Sometimes companies forget what businesses they are in and Comcast seems to be the latest media and communication company to do so.
The problem evidenced in the dispute between the FCC and Comcast over its traffic management policies blocking or slowing BitTorret and other files in violation of FCC network neutrality rules requiring open access. Without addressing whether regulators or Comcast are right in the dispute, it is clear from the company’s response that it has lost sight of it core business.
Comcast argues it was engaging in reasonable business practices by limiting the flow of BitTorrent files (often used to download large video, audio, and text files) because they push up the flow of traffic and slow the system. In Comcast’s view, the system and its integrity are its raison d’etre and represent the business it is in. It is easy to understand why the company and its executives might think so.
Comcast spends the majority of its effort and personnel creating and maintaining its system and infrastructure, tackling issues of system capacity and capabilities, and working to ensure system reliability and speed. It provides video, Internet, and voice services via 575,000 miles of wires serving 15 million cable subscribers, 13 million Internet users, and 4 million digital home providers. In the last three years Comcast has spent $13.6 billion in capital expenditures on the system.
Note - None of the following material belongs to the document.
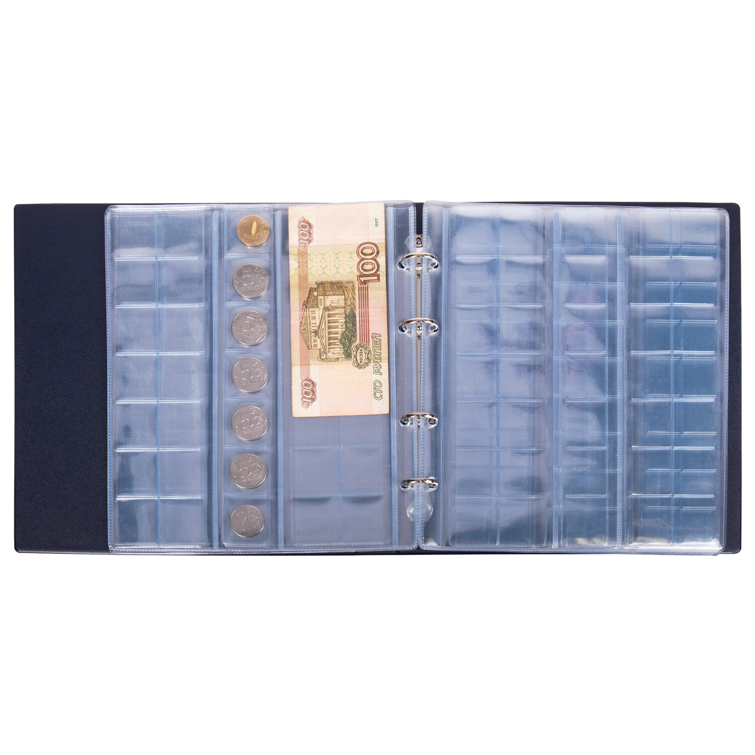 Альбом размером 253х238 мм выполнен из качественного кожзама и представлен в синем цвете. Укомплектован девятью листами-вкладышами с выдвижными карманами: 4 листа с карманами размером 23х26 мм (216 шт.), 4 листа с карманами размером 28х34 мм (140 шт.) и 1 лист с карманами размером 37х40 мм (24 шт.). Итого альбом вмещает 380 монет диаметром до 38 мм. Также возможно вертикальное расположение купюр в карманах альбома. Материал листов - ПВХ. Альбом нумизмата для 380 монет (диаметр до 38 мм) и купюр, 253х238 мм, синий, ОСТРОВ СОКРОВИЩ, 237960

Unfortunately, the extraordinary network it operates and maintains—the lines, switches, head-ins, Internet and telephone connections—are not the business of Comcast, they are just the requirements for conducting the business. Its real business is providing customers access to the video, audio, text, and voice communications they desire.
Its central purpose is serving the needs of the end users, including those who want to acquire capacity-eating BitTorrent files. It is the purpose that its executives seem to have forgotten when they decided their network management practices were more important than the wishes and desires of their customers. Their absent mindedness is not completely surprising, however, because the company has long had one of the poorest records of customer service among media firms. Lots of problems develop rapidly if you think it would be a good business if you just didn't have to deal with bothersome customers.